Unfriendly Skies | Teen Ink

Unfriendly Skies

January 14, 2012
By WALL-E DIAMOND, Portland, Oregon
WALL-E DIAMOND, Portland, Oregon
68 articles 0 photos 5 comments

The salty sea wind snatches tears from my eyes and whisks them away before they have the chance to fall. A threadbare jacket stolen from my grandmother does nothing to block the insistent gusts. The beach is silent; even the seagulls have flown inland for refuge.

I shiver on a desolate, windswept beach that seems nothing but miles and miles of dun-gray sand. A wispy blanket of fog hovers above the storm-tossed waves, obscuring the hulking cliffs that guard each end of the beach. I could be alone in this barren world with only the clouds as my friends.

Far away, a few runners force themselves into an agonizing shamble over the endless beach, stumbling along until they are but tiny pinpoints in the fog. One optimistic family attempts to build sandcastles until their blue striped beach blanket cartwheels away with their wind.

In front of me, the ocean roils and bubbles like a witch’s brew. Its frothy gray surface eddies and swirls and, far beyond the horizon, curves down to the other side of the world. The breakers crumble in on themselves with rumbling hisses and begin their slow inch toward shore. By the time the water sidles around my feet, it is nothing more than dirty yellow foam riddled with straggles of seaweed and fragmented sand dollars. Sea lice dart through the sand and sting my toes.

Thirty yards into the sea, where not evened seasoned surfers would venture on this freezing fall day, my sister Annie frolics merrily in the frigid ocean. Her bikini, cerulean with hot pink flowers, is the one splash of color in the monochromatic world of Cannon Beach. She splashes and cavorts enthusiastically, kicking up crab shells without a care in the world.

It has been half an hour, and she shows no signs of flagging. Even with my limited vision, I can see that her skin now glows a fiery red from cold. Goose bumps march up her arms, and her hair hangs in salty hanks not unlike the seaweed draped around her waist.

Much to my chagrin, instead of submitting to the cold, she ventures out ever farther into the treacherous ocean, setting my heart into a nervous pattering drumbeat. The newly-gangly eleven-year-old faces down the crashing waves that at any moment could drag her down into the sand. The water seethes and slithers around her waist.

Now and then she cackles with glee and launches herself headfirst into the waves, bodysurfing with enough confidence to make up for her complete lack of skill. More often than not, she catches the waves too late, and the four-foot breakers submerge her in a thundering avalanche. Every time her curly head sinks under the water, my heart leaps in my throat until she springs up from the curling waves.

I wiggle my toes in the damp sand in the hopes of reviving them from their numb state. My ears burn with cold, and my nose feels like an ice cube that simply happens to be attached to my face. Salt water speckles my glasses until I see the whole world as if through a kaleidoscope. I sigh gustily, forgetting that I, too, was the insane child who treated the fickle Pacific as her personal swimming pool. Those days are over now, and I am cold.
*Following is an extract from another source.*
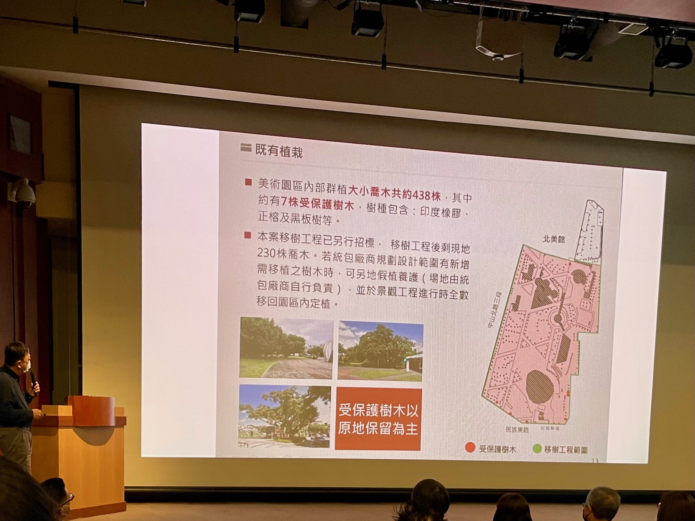 曾任職北美館館長的吳光庭從公園中的林間美術館定位切入,回溯台灣在公園預定地中附加文教設施如美術館博物館的傳統,在1952年所公布的第一張都市計畫圖,同時也是依據1932年日治時期的都市計畫規劃圖。不只是這次的北美館擴建案,國立臺灣博物館與二二八和平公園即為一例。若要在公園中興建館博設施,建蔽率實際上也是大過於公園預定地的上限規定,公園與美術館的使用定位也大不同,因此,北美館擴建案即將要在公園預定地中興建覆土式美術館,則必須思考公園與美術館之間的關係。然而,若依照現在的示意圖,想像未來美術館園區的樣貌,以北美館本館、新建庫房、北美館新館三個館為一體,但三者之間的關係,是否有些疏離?尤其在三館間的動線沒有直接關係時,本館屆時是否會呈現被孤立的狀態?此外,在擴建案中的移樹工程,根據《現有樹木保護暨移植工程計畫書》數據中顯示,目前樹木都已經編號,並標註哪些預計移植,現階段已移植238棵樹木,應再另外標示出被移走的樹木範圍,因為移樹工程與後續景觀、使用設計會有絕對關係。

Annie’s screech yanks me erect like a puppet and sends waves of terror racing down my spine. I whimper to myself and shuffle towards the ocean, frantically searching the tides for her body, tossed and battered into shore by the waves – or worse, her tiny figure pulled out to sea by one of the notorious riptides.

There she is! There is she is! Limping toward me with a halo of relief shining about her head, favoring her left leg and with her mouth tugging down at the corners. Her freckles stand out sharply in her ghost-white face, and her shoulders hunch against the abrasive wind.

I lumber into the shallow waves, crooning with concern,

“Annie? What happened? Are you OK?” In a rare gesture, I hold out my arms to receive her, seaweed and all. Her resolve deflates like a popped balloon as she collapses into helpless sobs.

“A-a jellyfish! A jellyfish stung me!” Now the cold has caught up with her, and harsh shivers wrack her body. She shakes uncontrollably in my arms.

“Am I g-going to die?” She wails.

“No! No, don’t be silly. We’ll get you back home. Mom will know what to do.”

With Annie sagging against me for support, we begin our endless trek across the quarter-mile of sand that seems like an eternity. Our footprints waver anxiously behind us, Annie’s long and skinny like an elf’s, mine short and solid and confused. The waves seep into the wells and gradually erase the marks we have made.

Joined at the waist like Siamese twins, we trudge blindly through an icy desert. Squalls kick up the sand and hurl it at us in stinging sheets that wound our legs. I hold Annie more tightly than ever, afraid to lose her on the perilous dunes. Her head nestles against my shoulder, and her tears seep into my heart.


The author's comments:
This piece is the third in a series of vignettes written for my English 10 class.